● Problem to work on
Could you print exactly the lines of the listing below, starting at the line that has "今日は12日、🏷十二の巻 🏷十二の日 今朝は雨だから、昨日の写真で。" and ending at the line that has "生け花の心得のあるスタッフが講師となり、参加を希望されたご利用者さまと共に", and only those lines?

● Provided data
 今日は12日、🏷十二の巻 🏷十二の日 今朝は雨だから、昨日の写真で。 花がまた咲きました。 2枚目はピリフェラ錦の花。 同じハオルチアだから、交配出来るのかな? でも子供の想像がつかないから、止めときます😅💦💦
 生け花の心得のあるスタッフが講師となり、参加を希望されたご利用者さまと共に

--

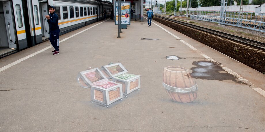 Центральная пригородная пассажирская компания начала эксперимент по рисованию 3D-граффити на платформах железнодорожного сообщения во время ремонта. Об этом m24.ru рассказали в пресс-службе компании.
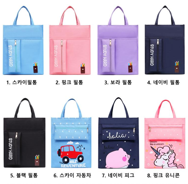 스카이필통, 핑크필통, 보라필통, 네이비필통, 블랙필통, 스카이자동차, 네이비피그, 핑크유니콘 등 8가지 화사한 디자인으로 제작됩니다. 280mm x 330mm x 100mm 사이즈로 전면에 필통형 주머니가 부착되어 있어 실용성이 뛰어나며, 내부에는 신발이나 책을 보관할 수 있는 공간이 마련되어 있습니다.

● Response to this task
 今日は12日、🏷十二の巻 🏷十二の日 今朝は雨だから、昨日の写真で。 花がまた咲きました。 2枚目はピリフェラ錦の花。 同じハオルチアだから、交配出来るのかな? でも子供の想像がつかないから、止めときます😅💦💦
 生け花の心得のあるスタッフが講師となり、参加を希望されたご利用者さまと共に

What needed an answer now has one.